Aesthetic Plastic Surgery 5/2009

Effect of Subcutaneous Lidocaine Infiltration on Blood Loss Secondary to Corporal Lipoaspiration: A Prospective, Randomized, Double-Masked Clinical Trial

Aesthetic Plastic Surgery > Ausgabe 5/2009
Sergio Llanos, Bruno Dagnino, Daniel Ponce, Sebastián Bonacic, Lindaura Navarrete, Sandra Navarrete, Günther Mangelsdorff, Susana Searle, Ignacio Méndez
Wichtige Hinweise
Presented at the Residents’ Contest at “XVII Congreso FILACP,” Quito, Ecuador, 30 May 2008 and at “VI Jornada Chilena de Cirugía Plástica,” Pucón, Chile, 20 November 2008.



Lipoaspiration is one of the most frequently performed aesthetic surgical procedures worldwide. The use of tumescent solution containing lidocaine to infiltrate subcutaneous fat before surgery has been accepted as the standard of care for these procedures. Its objective is to diminish postoperative analgesic necessities and secondary blood loss, but its role in hematocrit reduction is not clear at this time. This study aimed to measure the effect of subcutaneous lidocaine infiltration on blood loss secondary to corporal liposuction.


A prospective, randomized, double-masked clinical trial was performed. Between November 2005 and July 2007, 70 consecutive female patients submitted to corporal liposuction as a single surgery were included in the study. All the patients were randomly assigned to two groups. The study group received tumescent solution containing lidocaine and epinephrine, whereas the control group received tumescent solution containing only epinephrine. Hematocrit was measured preoperatively, then 2 to 4, 12, and 24 h postoperatively.

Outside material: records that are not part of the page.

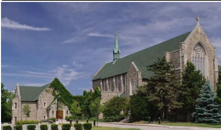
Islington United Church, Toronto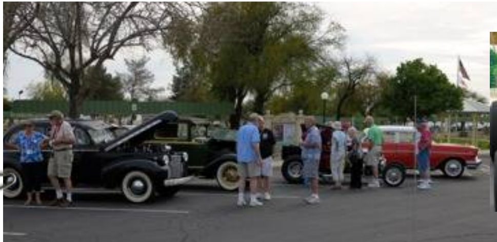
Classic "Rides" at the picnic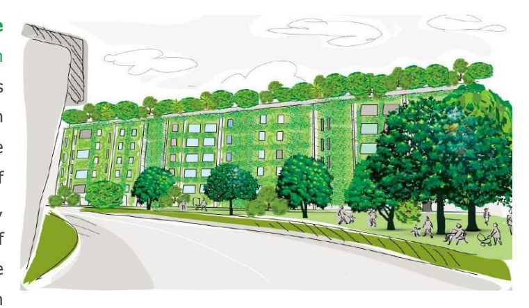
Figure 5: Prato Urban Jungle.

The Prato Urban Jungle project, funded by the Urban Innovative Actions initiative, aims to re-naturalise neighbourhoods in a sustainable and socially inclusive way through the development of green areas. These urban areas, which have a high density of housing and construction, will be redesigned using a green approach. The project promotes a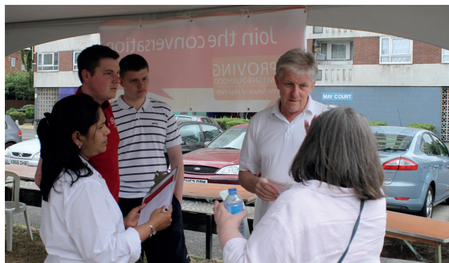
Summer consultation event

There'll be lots of further opportunities for you to raise new points by taking part in our consultation on the initial design stage.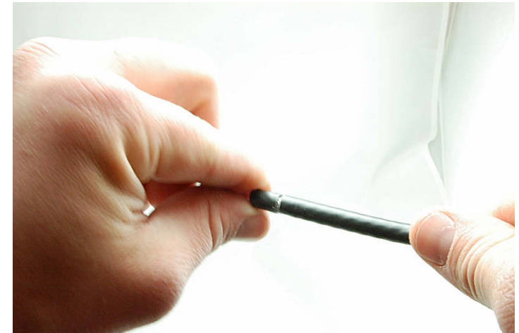
STEP 5: IT IS RECOMMENDED YOU PULL OFF THE COAXIAL CABLE REMNANTS WITH YOUR FINGERS TO EXTEND THE LIFE OF YOUR STRIPPER BLADES.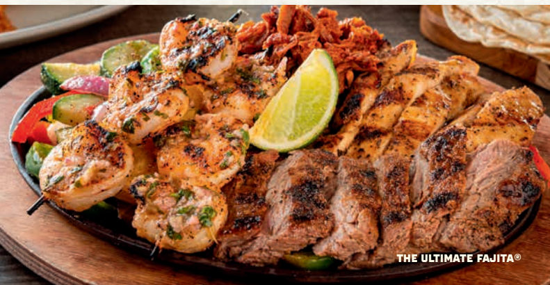
THE ULTIMATE FAJITA®

AMP UP YOUR FAJITAS! ADD A SHRIMP SKEWER 50 cal | 4.99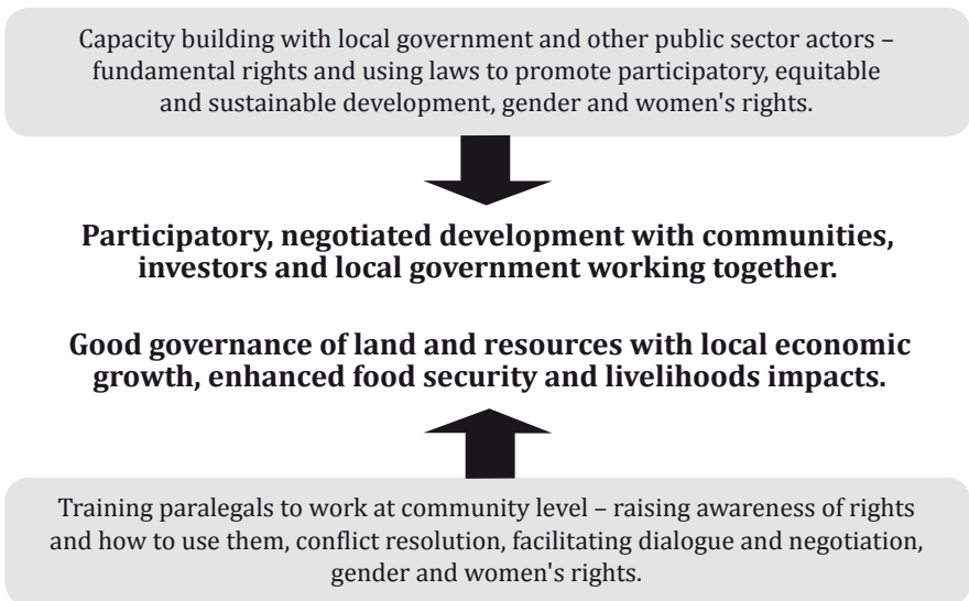
FIGURE 2 The 'twin-track' approach

The programme therefore has two main elements: training paralegals to provide community legal support and empowerment; and public sector capacity development and (implicitly) attitude-changing. The former has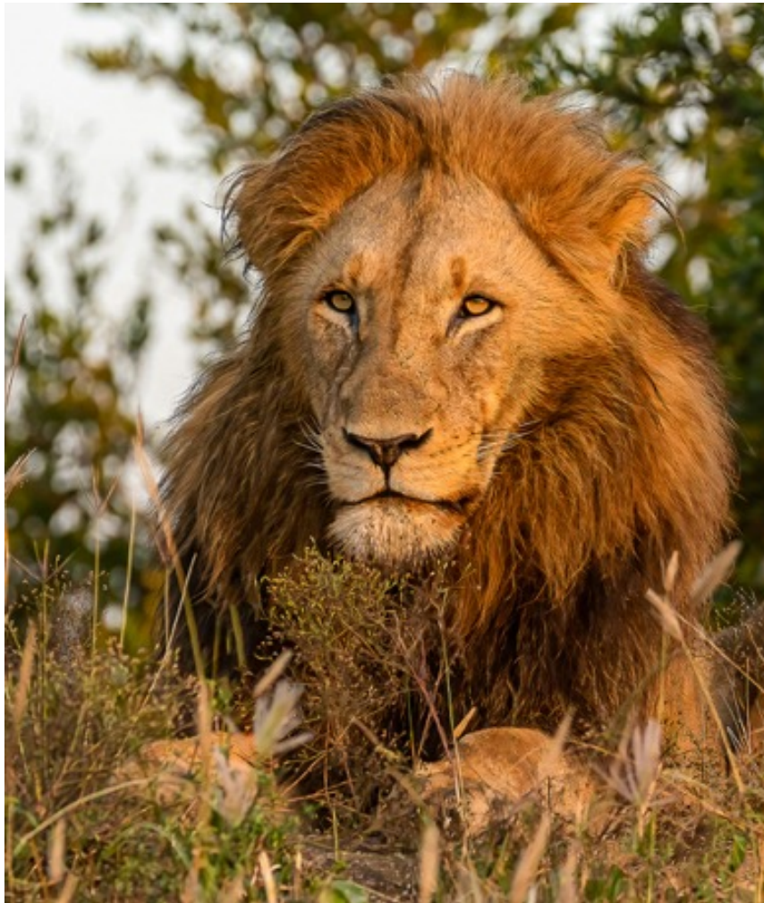
Othawa male 2021

I love Elephants – everything about them and especially the little calves. Their family bond is admirable, their strength undeniable, their family dynamics unbelievable. I was fortunate to witness this mom and baby, probably just a week or so after its birth. After birth, the calves stay very close to their moms as they are not very stable on their feet until 3-4 days after birth. Mom provides a wall to support the little one.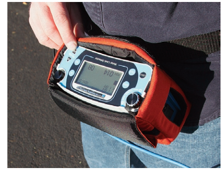
Use the LO Filters Control to remove extraneous continuous noises from motors, wind, and highways.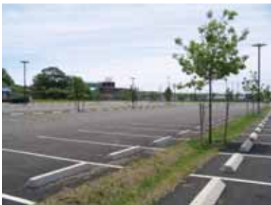
RI NEMO helped convince the University of Rhode Island to install two porous pavement parking lots.

Changes in procedures, plans and regulations result in on-the-ground changes to the way a community alters (or does not alter) its landscape. As noted in the beginning of this report, NEMO's emphasis on natural resource based planning gives rise to a wide range of local actions covering both the conservation and development sides of community growth. On the ground, these can range from permanent protection of open space to more environmentally sustainable development design.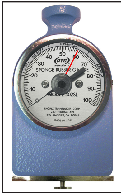
Model 302SL Durometer for foam and sponge rubber

The Model 302SL is a hand-held foam and sponge rubber hardness tester made exclusively by PTC® Instruments. The instrument has the capability to economically test the same type of material checked with an ILD tester. There is no direct conversion from the 302SL scale to ILD readings, however, the 302SL can be used for comparative testing.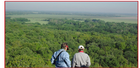
View from Sugarloaf Mountain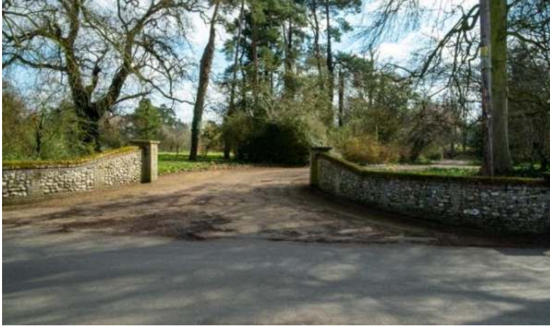
Figure 98: G-X Gap

Location: Entrance to Gayton Hall, Back Street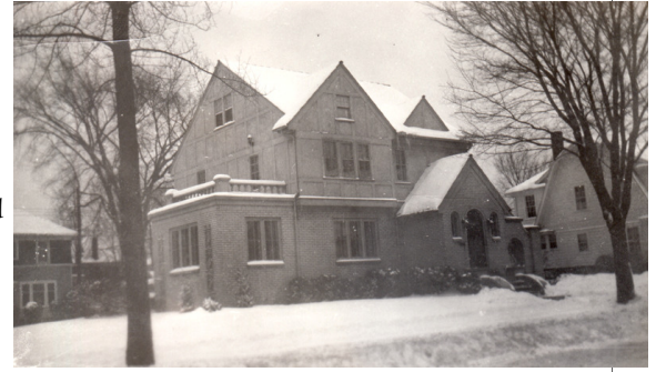
105 S. Jenison Right: 2009, Left: 1942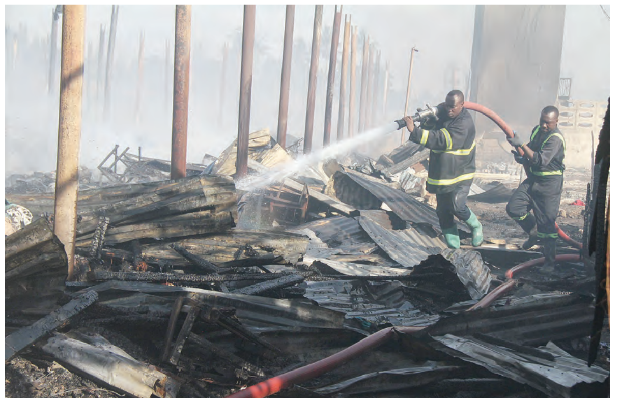
Members of the Fire and Rescue Force in last-minute efforts to douse the fire - but with the harm already done.

The comparison between the two groups did not show significant statistical differences with respect to age, body mass index, infiltrated volume, aspirated fat volume, surgical time, hospital stay, preoperative hematocrit, or comparison of the areas lipoaspirated. The mean hematocrit reduction in the study group was 10.8% ± 2.9% compared with 8.8% ± 2.6% in the control group (P = 0.004).


The use of lidocaine in the tumescent solution for subcutaneous fat infiltration significantly increases postoperative anemia compared with the results obtained when epinephrine infiltration alone is used.